### EXERCISE DESCRIPTION
In the records below, find the line holding "Pair of Pot Holders featuring" and the line holding "มื้อพิเศษ! หมีขาวแทะกระดูกวาฬยักษ์ หลังมนุษย์ล่าทิ้งไว้ในสหรัฐฯ". Set down both, with every line between them, exactly.

### DATASET CONTENT
- Opening Delimiter -
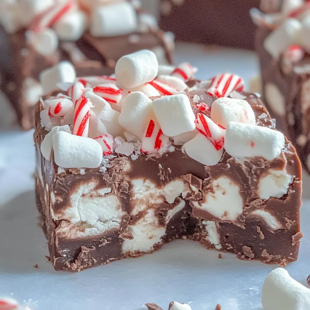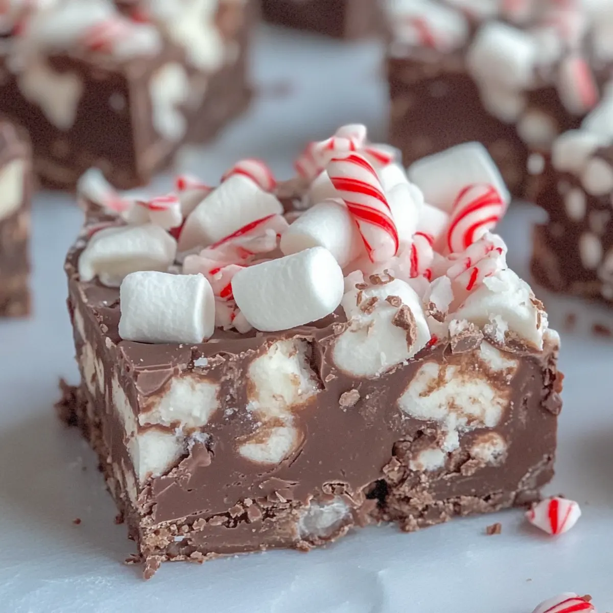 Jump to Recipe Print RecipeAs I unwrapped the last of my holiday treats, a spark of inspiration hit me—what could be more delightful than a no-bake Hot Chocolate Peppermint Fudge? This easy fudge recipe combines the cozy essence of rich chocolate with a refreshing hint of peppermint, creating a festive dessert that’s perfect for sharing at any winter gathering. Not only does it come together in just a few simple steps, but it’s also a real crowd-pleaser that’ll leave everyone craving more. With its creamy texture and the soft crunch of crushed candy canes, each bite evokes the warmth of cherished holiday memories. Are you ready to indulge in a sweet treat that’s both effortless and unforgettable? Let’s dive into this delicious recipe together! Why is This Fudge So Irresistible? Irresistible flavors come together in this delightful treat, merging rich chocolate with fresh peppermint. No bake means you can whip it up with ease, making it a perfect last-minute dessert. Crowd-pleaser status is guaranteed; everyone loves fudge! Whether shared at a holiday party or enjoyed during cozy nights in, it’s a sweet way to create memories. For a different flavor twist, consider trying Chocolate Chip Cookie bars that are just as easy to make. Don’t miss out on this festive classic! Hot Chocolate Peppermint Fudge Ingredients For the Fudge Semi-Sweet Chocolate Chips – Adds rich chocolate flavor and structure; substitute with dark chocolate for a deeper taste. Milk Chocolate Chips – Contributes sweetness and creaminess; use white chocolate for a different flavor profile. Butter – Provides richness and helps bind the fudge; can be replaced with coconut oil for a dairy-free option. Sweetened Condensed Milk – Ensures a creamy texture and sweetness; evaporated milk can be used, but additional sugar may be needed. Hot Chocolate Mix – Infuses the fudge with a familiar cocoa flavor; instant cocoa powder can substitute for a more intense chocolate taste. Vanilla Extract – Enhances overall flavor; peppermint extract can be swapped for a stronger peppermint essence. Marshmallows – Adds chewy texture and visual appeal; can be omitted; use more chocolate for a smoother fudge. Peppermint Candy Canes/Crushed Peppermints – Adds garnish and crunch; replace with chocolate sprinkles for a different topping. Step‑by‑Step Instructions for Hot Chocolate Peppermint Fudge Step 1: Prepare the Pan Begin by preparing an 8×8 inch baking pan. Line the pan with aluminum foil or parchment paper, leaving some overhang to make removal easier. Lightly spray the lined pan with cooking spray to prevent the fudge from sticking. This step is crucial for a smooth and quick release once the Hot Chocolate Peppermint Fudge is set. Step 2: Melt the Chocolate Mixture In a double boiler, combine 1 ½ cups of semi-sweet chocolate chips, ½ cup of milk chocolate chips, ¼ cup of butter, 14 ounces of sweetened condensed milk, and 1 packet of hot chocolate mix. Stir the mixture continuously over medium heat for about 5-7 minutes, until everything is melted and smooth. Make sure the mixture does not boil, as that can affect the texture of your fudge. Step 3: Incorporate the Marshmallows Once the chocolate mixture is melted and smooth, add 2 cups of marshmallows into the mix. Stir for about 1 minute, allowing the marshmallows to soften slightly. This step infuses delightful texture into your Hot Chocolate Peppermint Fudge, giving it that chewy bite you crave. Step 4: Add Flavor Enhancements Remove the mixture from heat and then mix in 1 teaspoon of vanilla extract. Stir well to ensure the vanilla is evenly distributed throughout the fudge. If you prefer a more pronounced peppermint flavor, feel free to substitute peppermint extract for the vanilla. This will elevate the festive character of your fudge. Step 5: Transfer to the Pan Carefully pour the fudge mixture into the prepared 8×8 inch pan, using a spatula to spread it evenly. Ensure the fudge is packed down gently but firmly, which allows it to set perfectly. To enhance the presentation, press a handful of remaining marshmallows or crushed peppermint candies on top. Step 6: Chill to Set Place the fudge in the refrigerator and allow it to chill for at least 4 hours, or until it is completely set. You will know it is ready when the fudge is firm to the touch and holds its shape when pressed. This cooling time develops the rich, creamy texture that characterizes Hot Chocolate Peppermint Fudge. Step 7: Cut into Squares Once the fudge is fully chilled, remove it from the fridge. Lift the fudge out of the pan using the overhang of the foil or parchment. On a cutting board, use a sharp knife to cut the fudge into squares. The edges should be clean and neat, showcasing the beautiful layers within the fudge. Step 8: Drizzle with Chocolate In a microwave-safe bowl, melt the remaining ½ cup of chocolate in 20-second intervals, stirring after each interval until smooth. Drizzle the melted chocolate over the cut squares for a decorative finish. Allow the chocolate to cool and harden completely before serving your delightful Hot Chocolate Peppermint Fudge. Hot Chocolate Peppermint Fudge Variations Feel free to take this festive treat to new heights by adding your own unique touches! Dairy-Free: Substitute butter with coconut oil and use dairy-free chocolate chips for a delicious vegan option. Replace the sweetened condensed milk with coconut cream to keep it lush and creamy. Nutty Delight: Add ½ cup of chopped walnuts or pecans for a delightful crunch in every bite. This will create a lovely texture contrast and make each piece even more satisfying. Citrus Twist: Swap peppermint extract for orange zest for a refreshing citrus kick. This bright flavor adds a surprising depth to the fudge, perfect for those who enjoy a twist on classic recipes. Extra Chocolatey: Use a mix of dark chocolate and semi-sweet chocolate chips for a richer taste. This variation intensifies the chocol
- Closing Delimiter -
- Opening Delimiter -
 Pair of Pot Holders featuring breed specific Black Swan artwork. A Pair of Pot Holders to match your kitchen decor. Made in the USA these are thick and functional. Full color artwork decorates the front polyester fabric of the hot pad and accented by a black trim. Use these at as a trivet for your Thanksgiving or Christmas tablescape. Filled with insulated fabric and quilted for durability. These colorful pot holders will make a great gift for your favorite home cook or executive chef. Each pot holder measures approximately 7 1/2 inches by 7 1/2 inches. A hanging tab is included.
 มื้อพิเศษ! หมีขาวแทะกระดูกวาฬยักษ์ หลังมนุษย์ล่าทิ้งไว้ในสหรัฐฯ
- Closing Delimiter -
- Opening Delimiter -
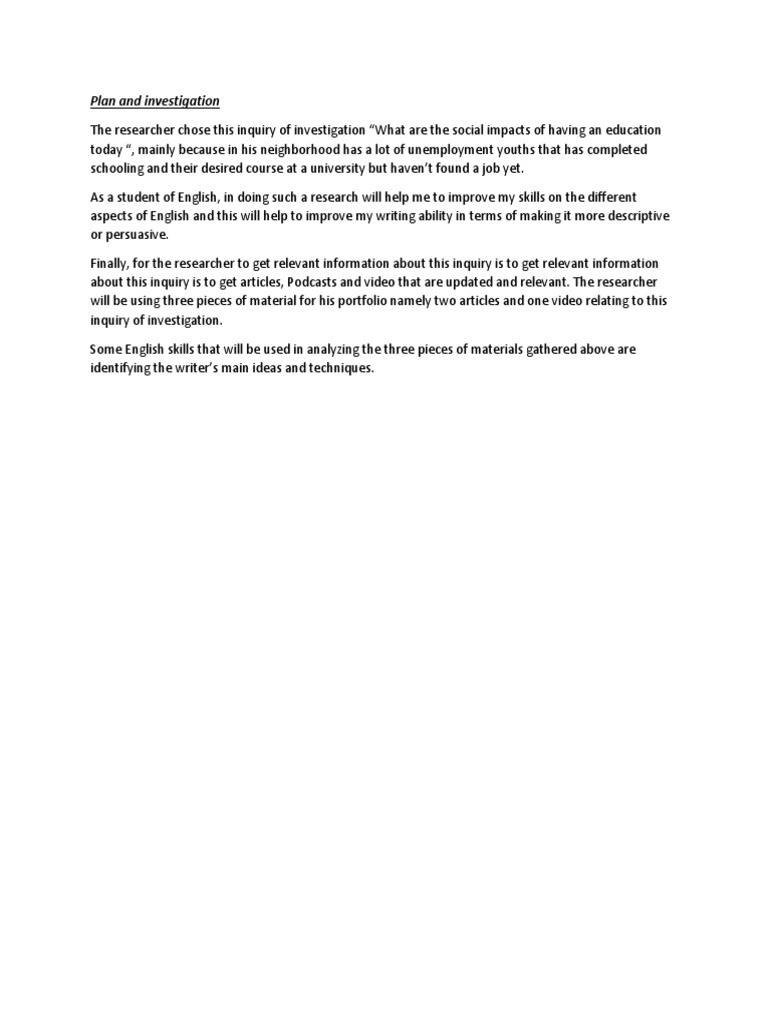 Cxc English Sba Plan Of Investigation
- Closing Delimiter -
### ANSWER BOX
 Pair of Pot Holders featuring breed specific Black Swan artwork. A Pair of Pot Holders to match your kitchen decor. Made in the USA these are thick and functional. Full color artwork decorates the front polyester fabric of the hot pad and accented by a black trim. Use these at as a trivet for your Thanksgiving or Christmas tablescape. Filled with insulated fabric and quilted for durability. These colorful pot holders will make a great gift for your favorite home cook or executive chef. Each pot holder measures approximately 7 1/2 inches by 7 1/2 inches. A hanging tab is included.
 มื้อพิเศษ! หมีขาวแทะกระดูกวาฬยักษ์ หลังมนุษย์ล่าทิ้งไว้ในสหรัฐฯ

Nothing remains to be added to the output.